Mercy stood at the edge of the frozen pond, the cold biting through her boots until she couldn't feel her toes. Her breath curled out in shaky bursts, mist swirling around her face like ghosts that wouldn't settle.

Chris was behind her somewhere, muttering into his palms, his footsteps crunching over dead leaves and broken twigs. She didn't look at him. Couldn't. Not now.

All she saw was the water — black ice and rippling shadows where Liam's reflection used to live. Her phone buzzed again in her pocket, steady as a heartbeat.

She pulled it out. Cracked screen, half-dead battery. Still, the words glowed so clear they might have been carved into her bones.

"Don't be afraid."

A soft sound slipped from her throat. It wasn't a sob — not exactly. More like a laugh strangled by hope. Mercy swiped at her damp cheeks, blinking at the reflection of herself in the dark glass of the phone.

She whispered to it, her voice steady even though her hands shook.

"Then show me, Liam.

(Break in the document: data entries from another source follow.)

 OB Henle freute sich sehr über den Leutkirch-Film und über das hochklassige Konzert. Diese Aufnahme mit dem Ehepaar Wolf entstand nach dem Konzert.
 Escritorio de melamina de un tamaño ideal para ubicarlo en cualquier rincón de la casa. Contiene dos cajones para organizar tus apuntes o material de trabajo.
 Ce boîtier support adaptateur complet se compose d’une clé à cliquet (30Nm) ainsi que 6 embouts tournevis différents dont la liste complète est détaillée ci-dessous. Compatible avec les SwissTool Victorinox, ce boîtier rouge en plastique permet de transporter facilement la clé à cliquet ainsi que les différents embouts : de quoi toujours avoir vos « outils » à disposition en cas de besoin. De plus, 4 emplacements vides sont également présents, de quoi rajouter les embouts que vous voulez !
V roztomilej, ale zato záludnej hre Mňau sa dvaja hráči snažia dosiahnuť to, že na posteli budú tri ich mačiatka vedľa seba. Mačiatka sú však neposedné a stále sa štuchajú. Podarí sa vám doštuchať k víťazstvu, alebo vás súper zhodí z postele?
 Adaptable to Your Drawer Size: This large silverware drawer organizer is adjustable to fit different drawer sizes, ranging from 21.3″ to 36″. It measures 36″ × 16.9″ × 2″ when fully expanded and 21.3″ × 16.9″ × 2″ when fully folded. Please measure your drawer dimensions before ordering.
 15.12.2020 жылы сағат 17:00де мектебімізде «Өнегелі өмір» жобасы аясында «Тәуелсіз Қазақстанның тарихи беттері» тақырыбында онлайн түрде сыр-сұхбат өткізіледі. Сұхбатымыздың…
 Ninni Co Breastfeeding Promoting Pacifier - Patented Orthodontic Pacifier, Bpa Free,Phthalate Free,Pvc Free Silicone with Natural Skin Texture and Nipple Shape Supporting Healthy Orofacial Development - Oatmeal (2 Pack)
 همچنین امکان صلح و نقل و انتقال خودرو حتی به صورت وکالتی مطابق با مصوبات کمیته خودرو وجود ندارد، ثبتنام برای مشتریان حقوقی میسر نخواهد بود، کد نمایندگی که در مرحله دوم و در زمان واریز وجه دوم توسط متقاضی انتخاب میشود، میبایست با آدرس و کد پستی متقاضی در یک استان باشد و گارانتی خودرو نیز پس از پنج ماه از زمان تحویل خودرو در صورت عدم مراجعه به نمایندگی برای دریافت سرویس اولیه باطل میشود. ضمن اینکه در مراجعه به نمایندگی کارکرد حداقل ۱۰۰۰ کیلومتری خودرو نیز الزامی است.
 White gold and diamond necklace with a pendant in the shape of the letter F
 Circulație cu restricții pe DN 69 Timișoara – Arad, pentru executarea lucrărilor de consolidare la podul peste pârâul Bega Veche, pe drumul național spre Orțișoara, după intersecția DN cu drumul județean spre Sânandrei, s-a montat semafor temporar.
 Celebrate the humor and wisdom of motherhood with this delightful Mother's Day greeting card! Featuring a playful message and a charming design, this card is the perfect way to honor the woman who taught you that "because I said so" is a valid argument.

Show me where you are."

Behind her, Chris called her name — his voice sharper now, splintered with panic. "Mercy, listen to me — we have to go. Now. I swear to God, we can't stay here—"

She ignored him. The phone buzzed again, vibrating so hard she nearly dropped it. Another message flickered:

"Closer."

Mercy took a step forward, boots sinking through the crust of half-melted snow. The ice at the pond's edge cracked under her weight. She could hear it — tiny pops and groans, like the frozen water was waking up after years of secrets.

"Mercy!" Chris's hand clamped around her arm, jerking her backward. His grip was rough, too rough. "You're going to drown yourself! There's nothing out there — it's just ice and old bones—"

She spun, eyes blazing. "Old bones? You knew." Her voice was sharper than the wind. "You knew where he was."

Chris's mouth opened. Closed. The shadows under his eyes made him look older than twenty-two. Older than the friend who used to stand behind Liam at every dumb high school fight, laughing, swearing he'd always have their backs.

Mercy yanked her arm free. The pond behind her moaned under the wind. The phone buzzed again — stronger, so loud it rattled her teeth.

"Now."

She stepped onto the ice. Chris lunged to grab her, but this time she dodged him. Cold bit into her ankles as water seeped through her worn boots. She didn't care. All she could hear was Liam's voice — not through the static this time, but inside her own head, clearer than ever.

"Mercy, don't be afraid."

She took another step. Another. The world went silent — except for her heartbeat and the groan of the frozen lake.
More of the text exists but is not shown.